正直言って、結婚には失敗した様な気がしてならない。
結婚とは、夫婦が互いに助け合っていくものなんて言われているが、うちは全くそういう関係性を築けておらず、夫婦でありながら個々で生きている感じだ。
支えていないのだから、こちらも支えない。
なんて言われるしね。
それに、結婚して既に15年。付き合い始めてからはもう26年にもなる訳で、そこまで長い時間顔を合わせていると、愛情云々で関係性がより強固になることなどない。
あちら側にしたって、とっくの昔に冷めていると言っていたしね。
身体に触れることもなければ、目を見て話すこともない。元の他人に戻っただけという感じだね。
それで不満は無いのか?
と問われたら、そりゃ不満はあると答えるだろう。
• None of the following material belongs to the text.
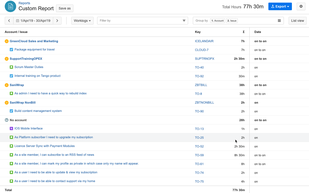 Adding and removing columns lets you select what information is displayed in your report. For example, if you want to view how many billable vs. non-billable hours were spent on issues linked to an account, filter the report by Customer and group the information by Account. Then, add the Billable column to compare billable and logged hours.

何せ子供は妻に懐いており、唯一の相棒だった愛犬も、昨年末に逝ってしまったものだから、日々虚しさしか覚えない。
生きている意味を問われたら、借金の返済のみと答えるしかないかな。
現在、稼げてはいないが、職業文筆家として生きているが、願わくば職業作家とランクアップしたいものだ。
まあ無理だろうけど。
※
以前セミナー講師として何回か登壇させてもらったことがあるのだけど、回の終わりにいつも短い質疑応答の時間を設けており、そこでは駆け出しの若い編集者やライターから色々な質問を受けていました。
まあセミナーのテーマがB to Cにおける紙媒体編集・制作のコツみたいなものだったから、受ける質問も当然それにまつわることが主でした。
しかしある時、菜々緒さんをちょっとディフォルメした様な若い女性編集者の方から、こんな質問を頂いた。
『不規則な生活を強いられる編集者生活で、家庭や奥様を大切にし続けるコツってありますか?』
what?
しばらく呆気に取られ、理由を彼是考えてみたが、答えが出なかったので、簡素に
ありません。
と答えたものだ。
正直、家庭を犠牲にしないと出来ない仕事なのかなと思うし。
もしかしたら、我が人生に於ける最大の失敗は、編集者になったことなのではなかろうか?と、その時思った。
僕ら夫婦が恋人同士だった時代は、他の誰もがそうであるように、愛情という名の飛び道具をぶつけ合い、確かめ合い、その果てに籍を入れた。
しかし、仕事に没頭する余り、薄給であることや多忙であることを有耶無耶にし、とにかく盲目になって毎日勤しんでしまった。
結果として彼女は私に愛想を尽かし、たまに金持ちのおっさんとデートしながら、子供を育てることだけを考えて生きる様になってしまったのである。
よく年を召した方が言う、壮年期に入っても恋がしたいという気持ちがよくわかるようになったね。
想い想われ、まるで、出来た虫歯を瞬時に削り取って生きていく様な時間は、何ものにも代え難い程に充実感に溢れていたし、幸福だったと思う。
生きる意味すら覚えたあの時間こそ、全てではないものの、醍醐味と言ってもいいんじゃないかな。
機会があれば、もう一度恋をしてみたいと思うものだ。
まあ、相手は妻以外が理想かな。
お後が宜しいようで。
追伸
今日のBGMはスタン・ゲッツカルテットの『THE STEAMER』です。
どなた様も、どうか良い一日を。